> _Exercise goal_:
Whenever a picture appears, omit it, and set down everything else in the records exactly.

> _Data shown_:
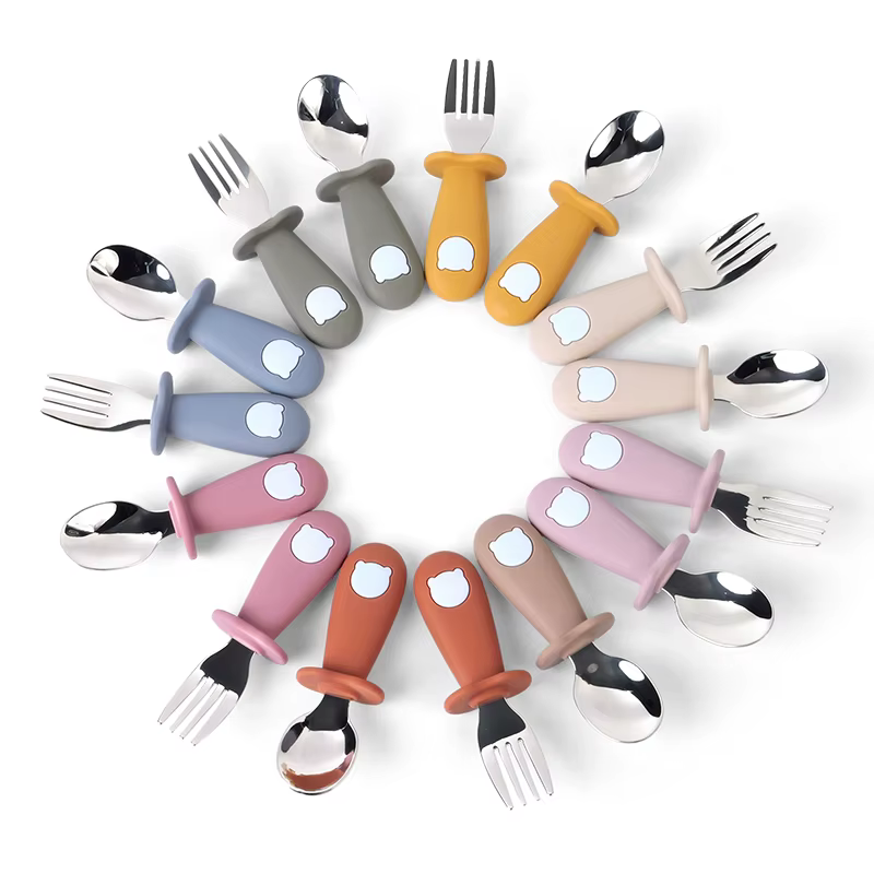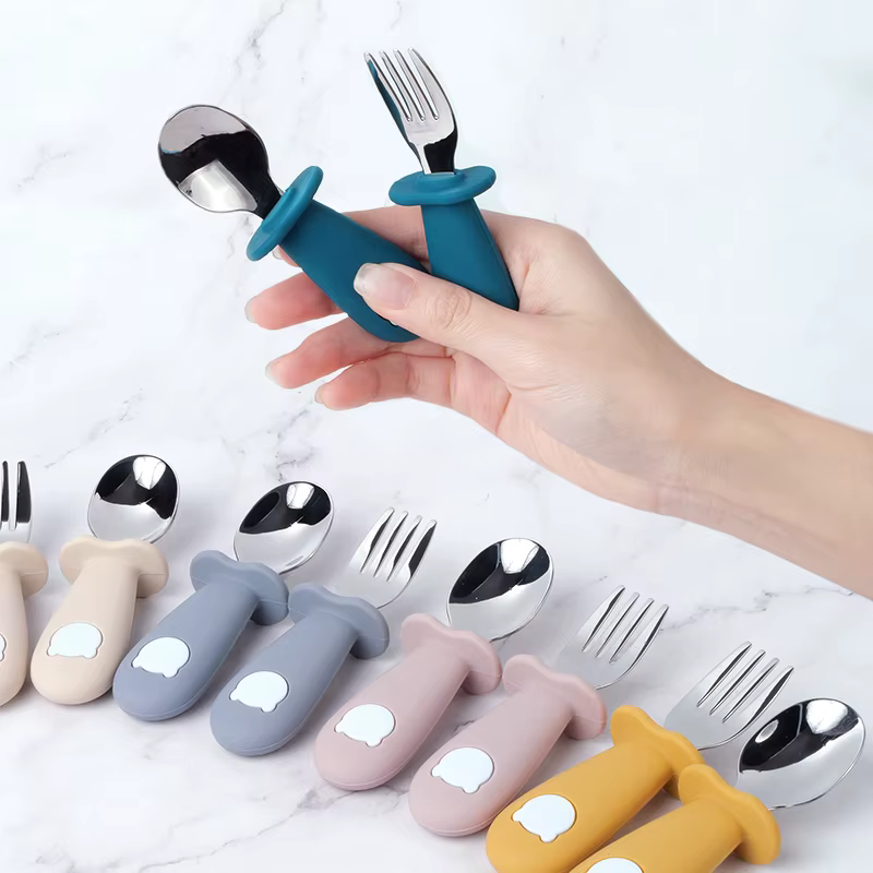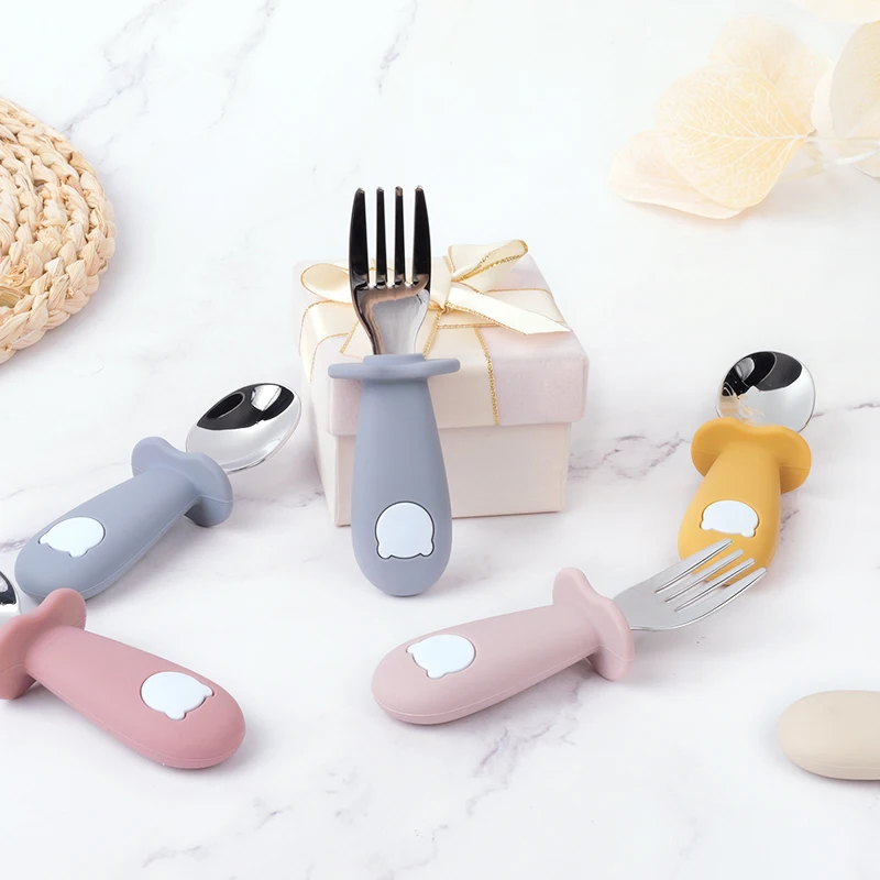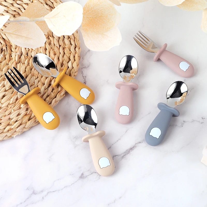 Comprar Juego de cubiertos cuchara tenedor para bebé, cubiertos para niños, cubiertos de acero inoxidable para niños pequeños, cuchillo y tenedor, cuchara de alimentación de comida para bebé de dibujos animados
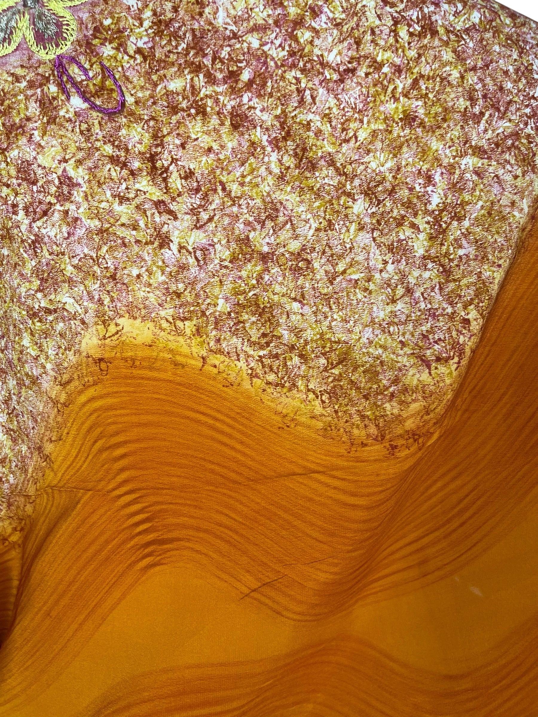 In Eastern philosophy, an Avatar is an incarnation that teaches how to evolve virtues of the past into the present. The Pure Upcycled Silk Avatar Collection is made from vintage pure silk saris, chosen and worn by women in the past to celebrate their lives.If you look very closely, you will see that the silks in this collection show some of the character of their previous incarnations through the appliqués that have been lovingly applied to bring new life to the fabric. This piece is a reminder that we are part of a collective journey to which we all add a little something.
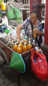 Már a bejáratnál megkezdődött a kavalkád. Egy kedves néni a tradícionális indonéz gyógyitalt árulta, ez a jamu (ejtsd: dzsámu). Meg is álltunk, mert Apa vett egy üveggel. Ezt az italt mindenféle gyógyfüvekből készítik. Az összetevői többek között a gyömbér, galangál gyökér, kurkuma, lime, ilang-ilang, jázmin, mindenféle levelek és magok…sokféle típusa ismert, gyógyhatása összetevőktől függően változó. Az indonéz emberek nagyon szeretik, sokakat gyógyított már ki különböző nyavalyáikból.
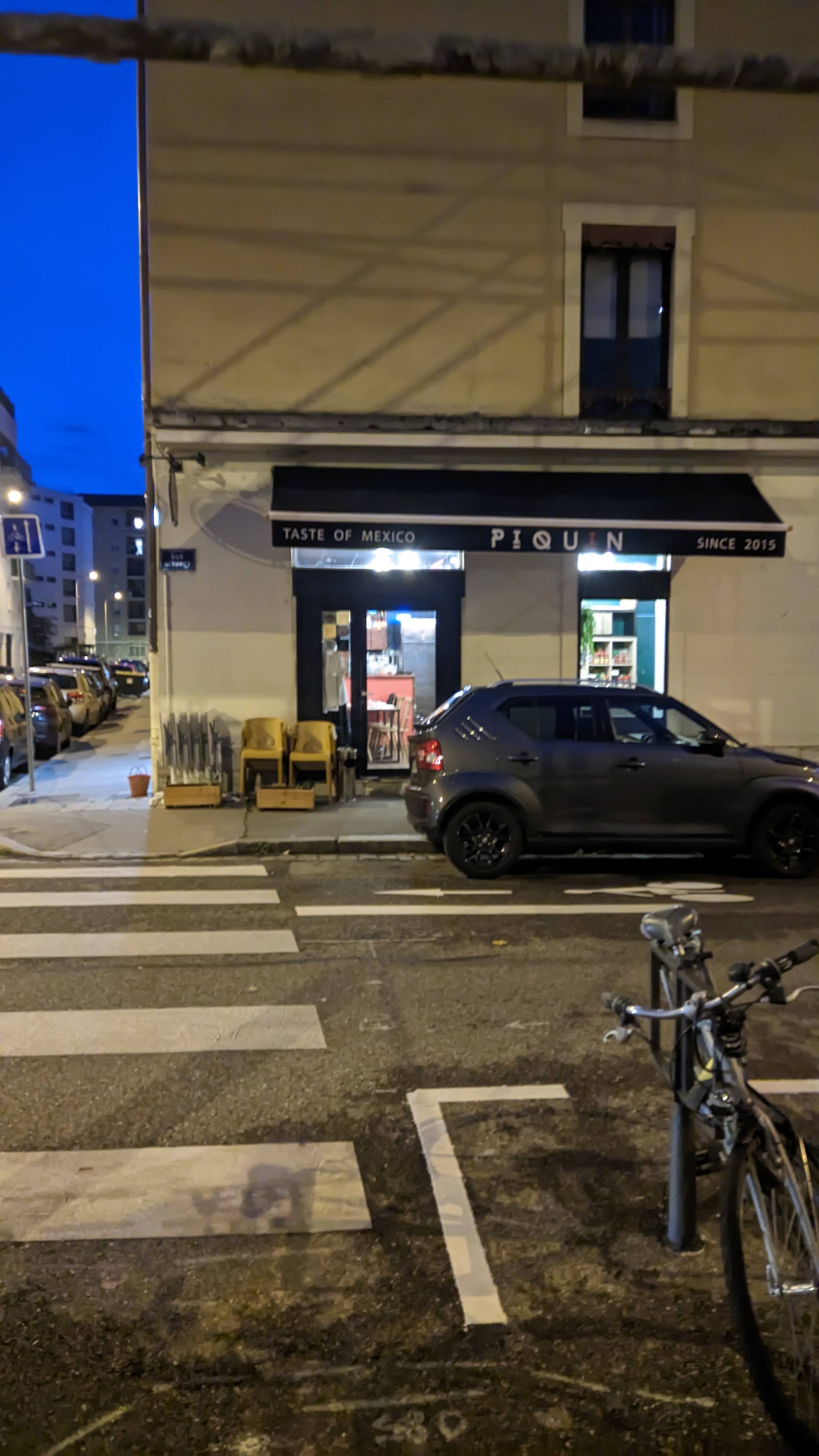 Posté le 02/06/2024 à 18:40"Holà Chicos ! Me gusta Piguin!!! À deux pas de la Part Dieu en plein Lyon, mets un peu de piment dans ta vie, comme dirait l’autre !!!! En famille, nous avons découvert les délices de la cuisine mexicaine authentique. Quelle agréable surprise entre le ceviche et les tacos faits maison, c’est un vrai régal ! Le tout accompagné d’une bière Pacifico et d’un petit vin blanc chilien... Un aller simple à Mexico City !! Le dessert était tout simplement incroyable ! Nous avons vraiment bien mangé, c’était un pur plaisir. L’ambiance était top ! Il ne manquait que la dégustation de spiritueux, histoire de se sentir transporté à Guadalajara et danser sur les tables... En tout cas, ça klaxonne Merci pour l’accueil et bravo à toute la brigade. Gros succès !!! #restaurant #lyon"
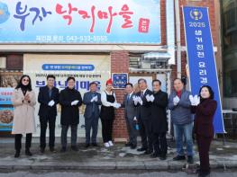 충북 진천군은 28일 2025년도 제23회 생거진천 요리경연대회에서 대상을 차지한 이월면 부자낙지마을에서‘요리왕 현판식’을 개최했다. 대상 수상 업소인 부자낙지마을에는 ‘2025년 생거진천 요리경연대

> _Response to the task_:
 Comprar Juego de cubiertos cuchara tenedor para bebé, cubiertos para niños, cubiertos de acero inoxidable para niños pequeños, cuchillo y tenedor, cuchara de alimentación de comida para bebé de dibujos animados
 In Eastern philosophy, an Avatar is an incarnation that teaches how to evolve virtues of the past into the present. The Pure Upcycled Silk Avatar Collection is made from vintage pure silk saris, chosen and worn by women in the past to celebrate their lives.If you look very closely, you will see that the silks in this collection show some of the character of their previous incarnations through the appliqués that have been lovingly applied to bring new life to the fabric. This piece is a reminder that we are part of a collective journey to which we all add a little something.
 Már a bejáratnál megkezdődött a kavalkád. Egy kedves néni a tradícionális indonéz gyógyitalt árulta, ez a jamu (ejtsd: dzsámu). Meg is álltunk, mert Apa vett egy üveggel. Ezt az italt mindenféle gyógyfüvekből készítik. Az összetevői többek között a gyömbér, galangál gyökér, kurkuma, lime, ilang-ilang, jázmin, mindenféle levelek és magok…sokféle típusa ismert, gyógyhatása összetevőktől függően változó. Az indonéz emberek nagyon szeretik, sokakat gyógyított már ki különböző nyavalyáikból.
 Posté le 02/06/2024 à 18:40"Holà Chicos ! Me gusta Piguin!!! À deux pas de la Part Dieu en plein Lyon, mets un peu de piment dans ta vie, comme dirait l’autre !!!! En famille, nous avons découvert les délices de la cuisine mexicaine authentique. Quelle agréable surprise entre le ceviche et les tacos faits maison, c’est un vrai régal ! Le tout accompagné d’une bière Pacifico et d’un petit vin blanc chilien... Un aller simple à Mexico City !! Le dessert était tout simplement incroyable ! Nous avons vraiment bien mangé, c’était un pur plaisir. L’ambiance était top ! Il ne manquait que la dégustation de spiritueux, histoire de se sentir transporté à Guadalajara et danser sur les tables... En tout cas, ça klaxonne Merci pour l’accueil et bravo à toute la brigade. Gros succès !!! #restaurant #lyon"
 충북 진천군은 28일 2025년도 제23회 생거진천 요리경연대회에서 대상을 차지한 이월면 부자낙지마을에서‘요리왕 현판식’을 개최했다. 대상 수상 업소인 부자낙지마을에는 ‘2025년 생거진천 요리경연대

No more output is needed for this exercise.